Lynda Maureen Haverstock  ( Ham; born September 16, 1948) is the former leader of the Saskatchewan Liberal Party, was a member of the Legislative Assembly of Saskatchewan, and served as the 19th Lieutenant Governor of Saskatchewan from 2000 until July 2006. In 2007, she was named President/CEO of Tourism Saskatchewan.

Biography 
Born Lynda Maureen Ham and raised in Swift Current, Haverstock left high school after grade 10 to raise her infant daughter. As an adult, she returned to school to finish her education, and ultimately earned bachelor's and master's degrees in education, as well as a Ph.D. in psychology from the University of Saskatchewan. Haverstock rose to the forefront of the provincial Liberals in 1989 and was the first woman in Saskatchewan's history to lead a political party.  She brought the Liberals to realize a healthy increase in support, taking over 23 per cent of the vote in the 1991 provincial election.  However, their numbers were spread too thinly across the province to translate into seats.  Haverstock was the only Liberal to win a seat, in Saskatoon Greystone.

Under her leadership, the party grew significantly: in the 1995 provincial election, it  increased its caucus in the Legislative Assembly to eleven, becoming the Official Opposition. The Liberals captured one-third of the popular vote.
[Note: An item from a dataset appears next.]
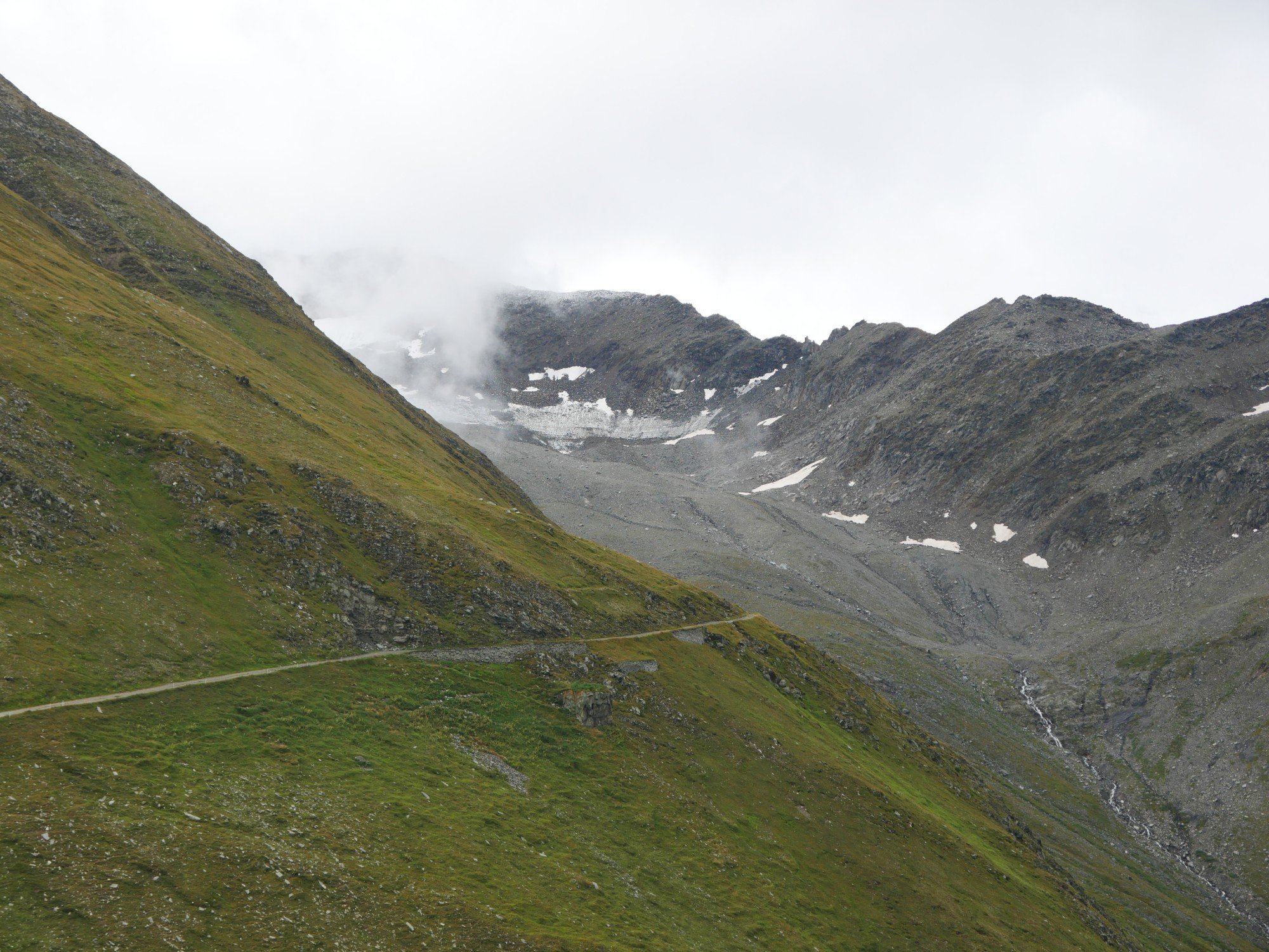 Oberhalb vom Hotel Belvédère legten wir einen Knipsstopp ein. In den 80er Jahren ging der Rhonegletscher übrigens noch direkt am Hotel vorbei und weiter runter, vor 150 Jahren bis nach Gletsch. Heute ist ein Teil des Gletschers abgedeckt, damit touristische Führungen in der Gletscherhöhle auch weiterhin stattfinden können. Selbst der Fußweg vom Hotelparkplatz zur Gletscherzunge ist kostenpflichtig.

Faced with of a coalition of Regina Liberals and former Tories who had unsuccessfully challenged her leadership, Haverstock resigned as leader in 1995.  She spent the remainder of her legislative term as an independent member. In 1999, she retired from politics.
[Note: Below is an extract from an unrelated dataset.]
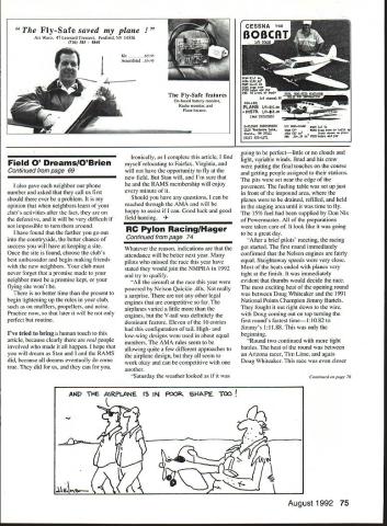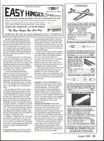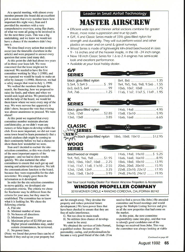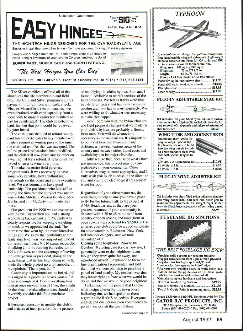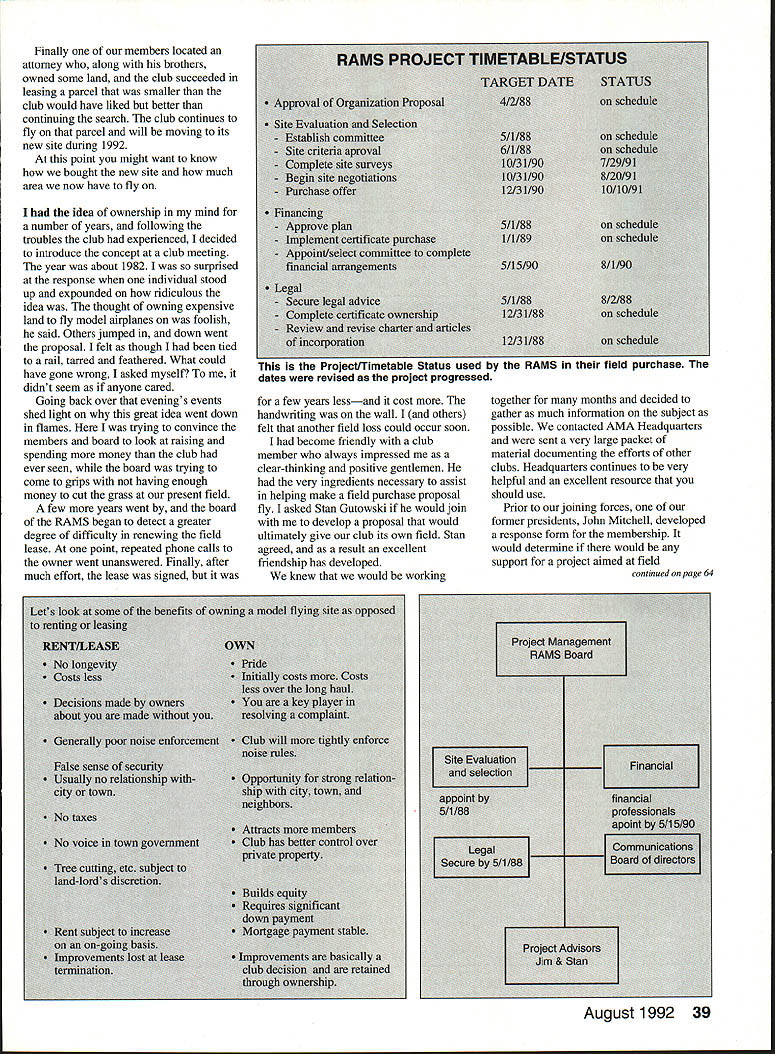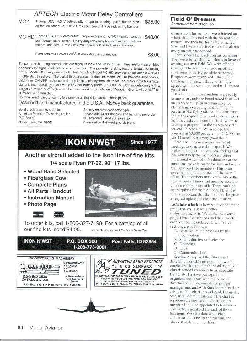 The RAMS airpark east urn urnuuniwu PUIL us inure s pienty OT room tor parking big contest scheduled Note power unus running ciagonally across left edge distance isolated homes SO MANY us belong model club have experienced trauma associated loss flying site know too well can result very long frustrating search locate new Very few clubs country make effort reduce chances happening clubs taking bold steps toward protecting interests members same time casting benchmark protecting hobby large Think about nothing now someone else will determine clubs destiny later So nothing now December issue MA read very interesting timely article story dreamer Joe Beshar efforts resulted development Bergen County Model Aerodrome New Jersey call Joe dreamer out disrespect because too believe power dream possession thing item achievement whatever enjoy today began somewhere dream Edison Bell Goddard Lindbergh NASA dreamed because dreams came true have benefitted Joe realized something done preserve enjoyment flying RC New Jersey ensure coming up ranks would also able pursue enjoy hobby future 38 Model Aviation What have just read nutshell sums up purpose article several ways reduce chances losing place fly am going take through procedures necessary own own flying site tell progressive club succeeded accomplishing just Before begin its necessary point out no guarantees life know Nothing forever owning own field can place club rather unique position can beneficial also very long-term also important note politics community unique different some communities governmental assistance may possible club does fit requirements own site county may good alternative Well talk about requirements later came Rochester New York early seventies too long after joined two clubs area called Rochester Aero Modeling Society RAMS nice field renting club made up approximately 60 members flew few years until about 1976 day entrance road blocked sign placed owner said Field closed no flying permitted shocked However shock soon wore off committee appointed quickly locate another field Three years slipped past peppered series successes failures membership dropped 18 things looking very good uctoer iu ii tne real estate closing HAMS new flying field L attorney RC Pattern pilot Ed Braiman RAMS President McCarty RAMS Treasurer John Anderson attorney seller author Finally members located attorney along brothers owned some land club succeeded leasing parcel smaller club would have liked better continuing search club continues fly parcel will moving its new site during 1992 point might want know bought new site much area now have fly idea ownership mind number years following troubles club experienced decided introduce concept club meeting year about 1982 surprised response individual stood up expounded ridiculous idea thought owning expensive land fly model airplanes foolish said Others jumped down went proposal felt though tied rail tarred feathered What could have gone wrong asked myself didnt seem anyone cared Going back over evenings events shed light great idea went down flames trying convince members board look raising spending money club ever seen board trying come grips having enough money cut grass present field few years went board RAMS began detect greater degree difficulty renewing field lease point repeated phone calls owner went unanswered Finally after much effort lease signed few years lessand cost handwriting wall others felt another field loss could occur soon become friendly club member always impressed clear-thinking positive gentlemen very ingredients necessary assist helping make field purchase proposal fly asked Stan Gutowski would join develop proposal would ultimately give club its own field Stan agreed result excellent friendship has developed knew would working together months decided gather much information subject possible contacted AMA Headquarters sent very large packet material documenting efforts other clubs Headquarters continues very helpful excellent resource should use Prior joining forces former presidents John Mitchell developed response form membership would determine would support project aimed field continued page 64 August1992 39 Project/Timetable Status used s revised project progressed APTECH Electric Motor Relay Controllers MO-i1 Amp BEC 45 V auto-cutoff propeller braking push button start switch 30 Amp fuse 10 x 17 circuit board 15 oz mci wiring harness $2500 MC-HD 1 Amp BEG 45 V auto-cutoff propeller braking ON/OFF motor control $4000 push button start switch Heavy duty relay may used competition motors unfused 17 x 23 circuit board 20 oz mci wiring harness Extra sets 4 Power Pol3O Amp Modular connectors $300 precision engineered units highly reliable easy use fully assembled ready flight include connectors propeller braking feature ideal folding props Model MO-i requires no adjustments Model MC-HD provides adjustable ON/OFF throttle stick threshold digital throttle servo interface Model MC-HD provides dependable glitch-free ON/OFF motor control its fail-safe system shuts off motor transmitter signal interrupted use 6 7 cell battery packs 72 84 V Both models come 0 full set Power Pole high current connectors choice Futaba G J Airtronics JRreceiver connector No other electric motor controllers provide features prices Designed manufactured USA Money back guarantee Send check money order American Precision Technologies Inc PO Box 53 Nutting Lake MA 01865 Wood Hand Selected Fiberglass Cowl Complete Plans Parts Handcut Instruction Manual Photo Page Specify receiver connector type Please add $400 shipping handling per order NJ residents Add 7% sales tax Please allow 2-4 weeks delivery order kits call 1-800-327-7198 catalog fine kits send $400 Idaho Residents Add 5% State Sales Tax WOODWORKING MACHINERY POWERMATICADVANCED AERO PRODUCTS eSAKuRAYS & OS SURPASS 120 ARTISANWJV -3538a also haveEXHAUST SYSTEMS FOR FRTTERN AIRCRAFT AND ULTIMATE BIFE $100woodworking ICONE COUPLERS AND TNL PIPES ALSO AVAILABLE

The Liberal Party continued to be divided by internal fighting and several members of the Legislative Assembly, including those who had opposed Haverstock, left in 1997 to join the Saskatchewan Party. The 1999 provincial election reduced the Liberals to three seats in the legislature. Since 2003, they have failed to elect any members.

After leaving politics, Haverstock worked briefly as a radio host before being appointed Lieutenant Governor of Saskatchewan in 2000. As the Queen's representative, she was instrumental in organizing the province's centennial celebrations in 2005. Haverstock's term in office was extended and she remained Lieutenant Governor until July 31, 2006. During her tenure, she granted patronage to over one-hundred community-based organisations.

Dr. Lynda Haverstock is a member of the Order of Canada and the Saskatchewan Order of Merit, and has honorary doctorate degrees from the University of Regina, Royal Roads University (Victoria), and Queen's University (Kingston). She is a recipient of the Distinguished Canadian Award and is named among the University of Saskatchewan's 100 Alumni of Influence.

In June 2007, she became President/CEO of Tourism Saskatchewan, an arms-length, industry-driven authority responsible, in part, for marketing Saskatchewan as a destination. She has been successful in raising the profile of the organization and broadening awareness of Saskatchewan's tourism sector. Under her direction, the province's first Summit on Tourism was held in September 2007; six President's Task Teams were formed to provide guidance on key challenges and issues; a Quality Assurance Program for the sector was introduced; and the first Tourism Advocacy Day at the provincial legislature was held in November 2011. Between 2006 and 2010, the province's tourism revenues rose from $1.44 billion to $1.68 billion, and increase of 13.5 per cent.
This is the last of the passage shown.